◆ WHAT TO DO: Every line below from the one with "English 10 Reviewer" through the one with "3-dimensional butterflies decorate" should be retyped exactly, both ends included; no other lines and no pictures.

◆ RECORDED DATA:
:::

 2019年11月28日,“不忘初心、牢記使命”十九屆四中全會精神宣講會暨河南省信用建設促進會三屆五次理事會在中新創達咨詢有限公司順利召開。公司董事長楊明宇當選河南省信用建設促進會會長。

:::

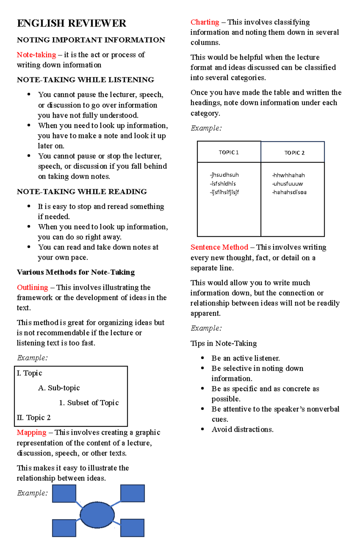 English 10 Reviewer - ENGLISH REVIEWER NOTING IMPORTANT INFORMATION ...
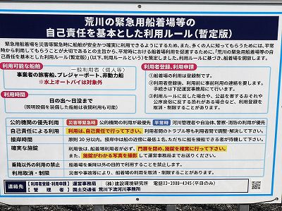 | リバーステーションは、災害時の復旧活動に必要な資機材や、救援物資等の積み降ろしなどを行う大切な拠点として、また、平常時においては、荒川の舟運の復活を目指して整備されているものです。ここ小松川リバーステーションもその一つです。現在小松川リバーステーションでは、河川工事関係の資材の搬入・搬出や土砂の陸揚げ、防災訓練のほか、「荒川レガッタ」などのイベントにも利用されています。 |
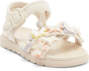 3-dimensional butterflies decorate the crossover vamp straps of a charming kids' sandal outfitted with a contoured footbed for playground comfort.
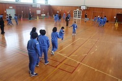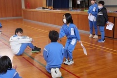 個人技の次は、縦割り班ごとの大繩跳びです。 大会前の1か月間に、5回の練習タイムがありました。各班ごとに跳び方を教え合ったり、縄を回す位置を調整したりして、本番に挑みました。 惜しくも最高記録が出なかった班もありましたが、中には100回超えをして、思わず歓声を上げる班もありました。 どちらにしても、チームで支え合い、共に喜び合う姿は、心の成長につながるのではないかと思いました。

:::

◆ EXERCISE OUTPUT:
 English 10 Reviewer - ENGLISH REVIEWER NOTING IMPORTANT INFORMATION ...
 | リバーステーションは、災害時の復旧活動に必要な資機材や、救援物資等の積み降ろしなどを行う大切な拠点として、また、平常時においては、荒川の舟運の復活を目指して整備されているものです。ここ小松川リバーステーションもその一つです。現在小松川リバーステーションでは、河川工事関係の資材の搬入・搬出や土砂の陸揚げ、防災訓練のほか、「荒川レガッタ」などのイベントにも利用されています。 |
 3-dimensional butterflies decorate the crossover vamp straps of a charming kids' sandal outfitted with a contoured footbed for playground comfort.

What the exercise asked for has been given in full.